The study included 1187 patients with colon cancer, including 110 patients who had recurrent colon cancer. The researchers collected 44 characteristic variables, including patient demographic characteristics, basic medical history, preoperative examination information, type of surgery, and intraoperative information. Four machine learning algorithms, namely extreme gradient boosting (XGBoost), random forest (RF), support vector machine (SVM), and k-nearest neighbor algorithm (KNN), were used to construct the model. The researchers evaluated the model using the k-fold cross-validation method, ROC curve, calibration curve, decision curve analysis (DCA), and external validation.

RESULTS

Among the four prediction models, the XGBoost algorithm performed the best. The ROC curve results showed that the AUC value of XGBoost was 0.962 in the training set and 0.952 in the validation set, indicating high prediction accuracy. The XGBoost model was stable during internal validation using the k-fold cross-validation method. The calibration curve demonstrated high predictive ability of the XGBoost model.
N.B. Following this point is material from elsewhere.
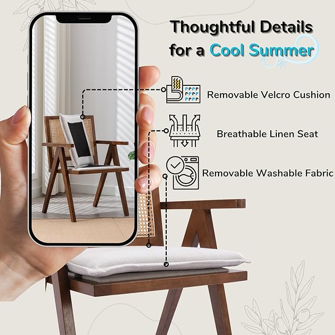 - Detachable Cushion & Arm Support This dining room chair with arms features a machine-washable linen cushion (secured by Velcro) for easy maintenance. The supportive armrests make it ideal for family gatherings or afternoon tea sessions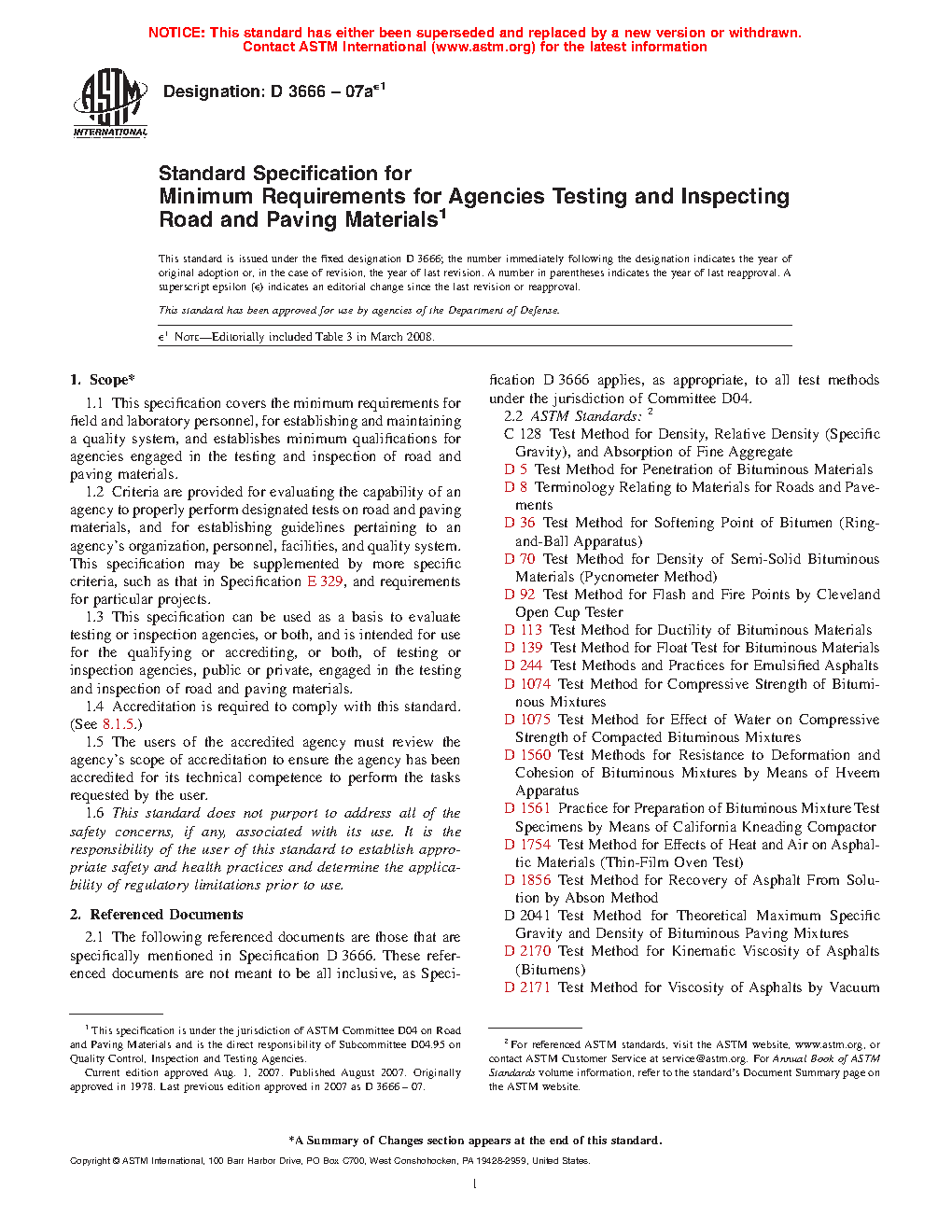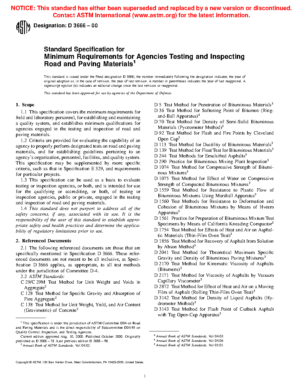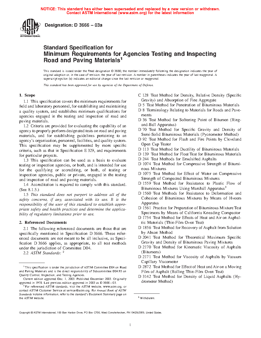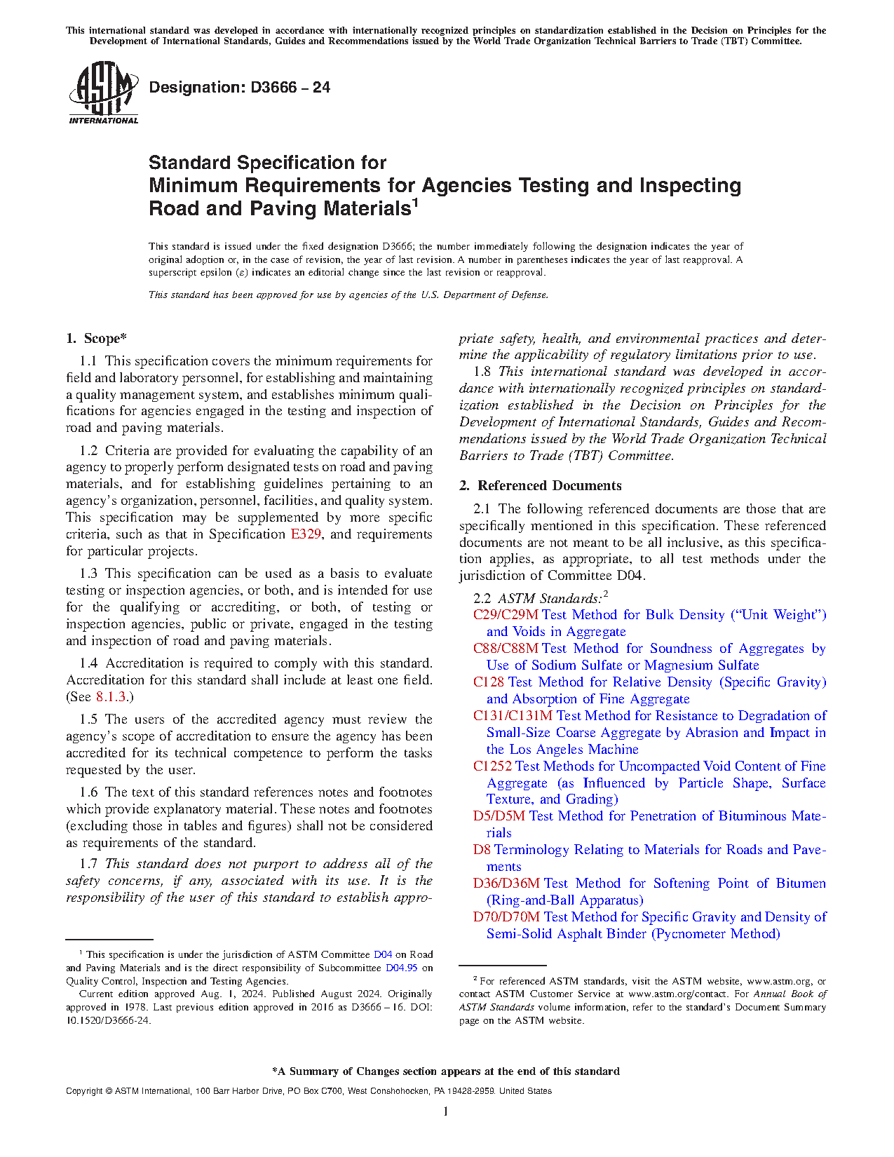 1.1 This specification covers the minimum requirements for field and laboratory personnel, for establishing and maintaining a quality system, and establishes minimum qualifications for agencies engaged in the testing and inspection of road and paving materials.

The DCA curve showed that patients who received interventional treatment had a higher benefit rate under the XGBoost model. The external validation set's AUC value was 0.91, indicating good extrapolation of the XGBoost prediction model.

CONCLUSION

The XGBoost machine learning algorithm-based prediction model for colon cancer recurrence has high prediction accuracy and clinical utility.

摘要

背景

结肠癌患者在接受完整结肠系膜切除术(CME)后,癌症复发是一种常见的不良预后,极大地影响了患者的近期和远期预后。本研究旨在开发一种机器学习模型,能够识别手术前后的高危因素,并预测术后结肠癌复发的发生。

方法

本研究纳入了 1187 例结肠癌患者,其中 110 例患者发生了结肠癌复发。研究人员收集了 44 个特征变量,包括患者的人口统计学特征、基本病史、术前检查信息、手术类型和术中信息。使用了四种机器学习算法,即极端梯度提升(XGBoost)、随机森林(RF)、支持向量机(SVM)和 K 近邻算法(KNN)来构建模型。研究人员使用 K 折交叉验证法、ROC 曲线、校准曲线、决策曲线分析(DCA)和外部验证来评估模型。

结果

在四个预测模型中,XGBoost 算法表现最好。ROC 曲线结果表明,XGBoost 在训练集和验证集的 AUC 值分别为 0.962 和 0.952,表明具有较高的预测准确性。XGBoost 模型在 K 折交叉验证方法的内部验证中表现稳定。校准曲线表明 XGBoost 模型具有较高的预测能力。DCA 曲线表明,在 XGBoost 模型下,接受干预治疗的患者具有更高的获益率。外部验证集的 AUC 值为 0.91,表明 XGBoost 预测模型具有良好的外推能力。

结论

基于 XGBoost 机器学习算法的结肠癌复发预测模型具有较高的预测准确性和临床实用性。